Capacitors and Alternating Currents

If you place a capacitor in (say) the circuit of a flashlight (drawing) it will block the flow of current, and the lamp will not light up. That is only to be expected, since the two plates of the capacitor are insulated from each other, by an empty gap or by a "dielectric material" in that gap. No?

        Well.... not exactly. A current will flow, for the brief instant when the capacitor is first connected to the battery. That current will deposit positive charge on one "plate" of the capacitor and negative charge on the other. Technically, in the short instant while those charges accumulate, the capacitor does draw current

    Now suppose the voltage source is not a battery but an alternating voltage--especially, one with frequency much higher than 60 cycles, e.g. a radio signal, or the voltage which drives the loudspeaker as music is played. Now the voltage on one plate will constantly go up and down, and since the other plate tries to follow, a constant AC current will circulate, charging and discharging the capacitor plates.

    In other words--a capacitor will transmit alternating current (AC) but will block DC. It is not a "short circuit" allowing all AC to pass, but offers a sort of resistance (the name is "impedance") which limits its AC current, just as resistance limits currents of any kind, and it also shifts the peak of the wave.
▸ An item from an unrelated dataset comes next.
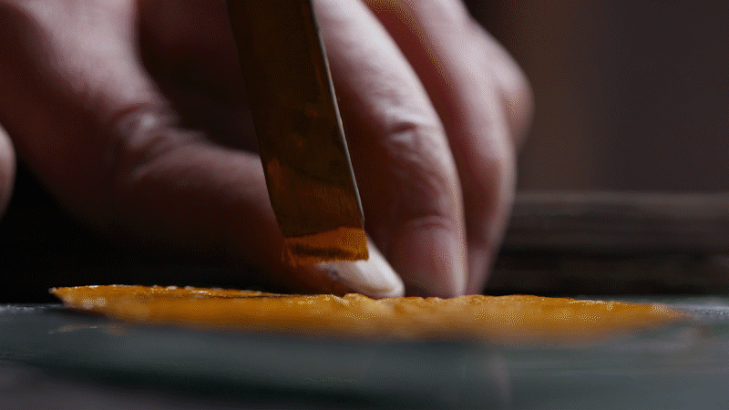 画一幅漆画,从制作漆板到完成画面,大概得花六到八个月的时间。而此时作品并未真正完成,漆有自己的生长期,随着时间延长,漆的颜色会变,俗话称画面“开了”。这个过程得再等上四个月,一晃眼,一年就过去了。
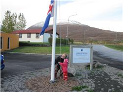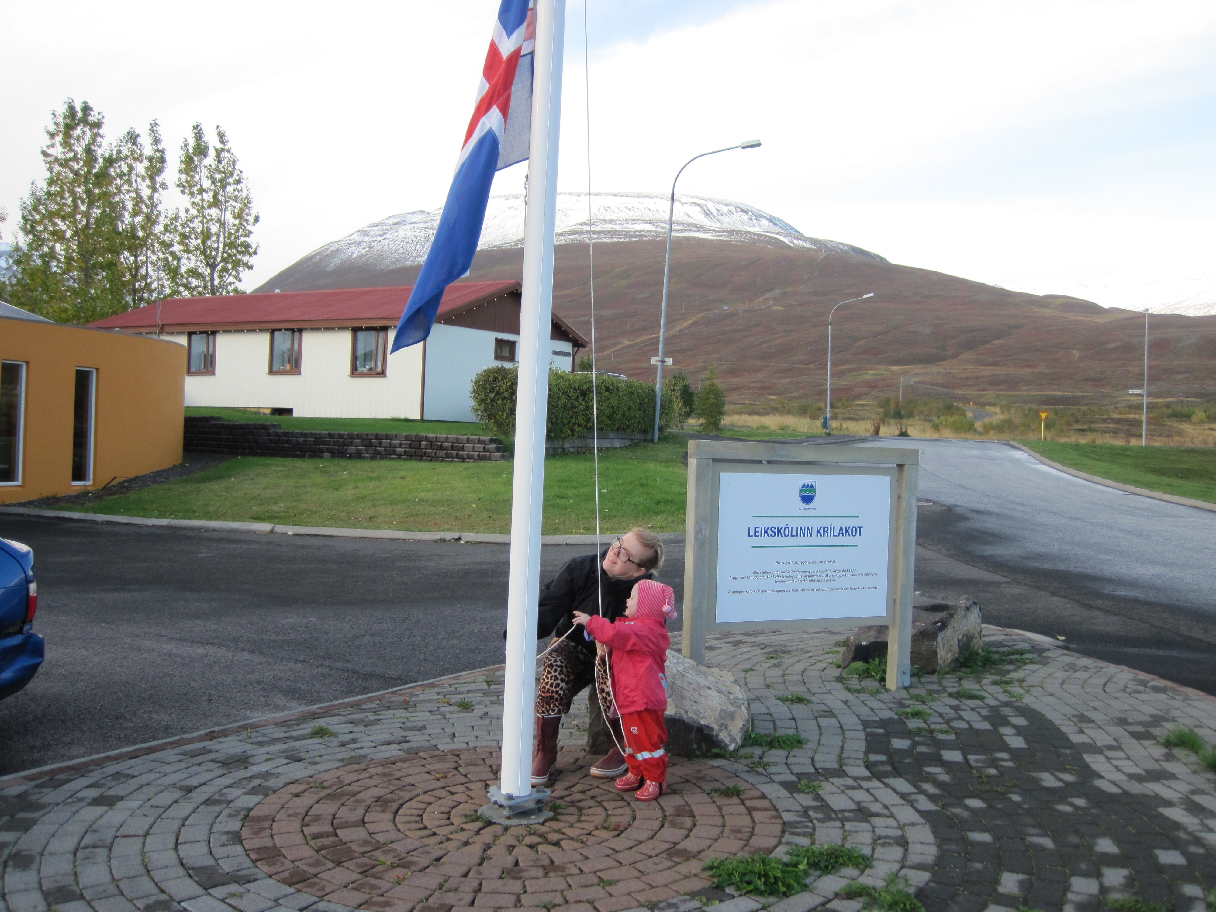 Þórlaug Diljá málaði á kórónuna sína og við flögguðum íslenska fánanum henni til heiðurs.

The higher the frequency, the smaller the impedance, which means, the more easily does the AC current flow across the capacitor. Unlike flow through a resistance, here electric energy is not lost and there is no heating.

    As described above, the power supplies inside a TV, computer, radio etc therefore may have at their input a rectifier followed by large capacitor. There may still be a ripple left as the voltage drops a bit between the "teeth" of the rectified wave, and additional filters smooth it away (if your radio hums loudly, something is wrong with the DC power supply--maybe the capacitor leaks). More complex circuits rectify both sides of the AC wave.

    At the input side, there may also be an "isolation transformer" which receives 110 volts AC and also given 110 volts AC in its output circuit, but with no connection to the "ground" of the power cord. Because the two are not connected, someone touching the inside circuit cannot conduct current to the (real) ground. Appliances which are completely encased in insulating plastic sometimes save cost by omitting such isolation, they just warn not to work on the circuit when the power is connected.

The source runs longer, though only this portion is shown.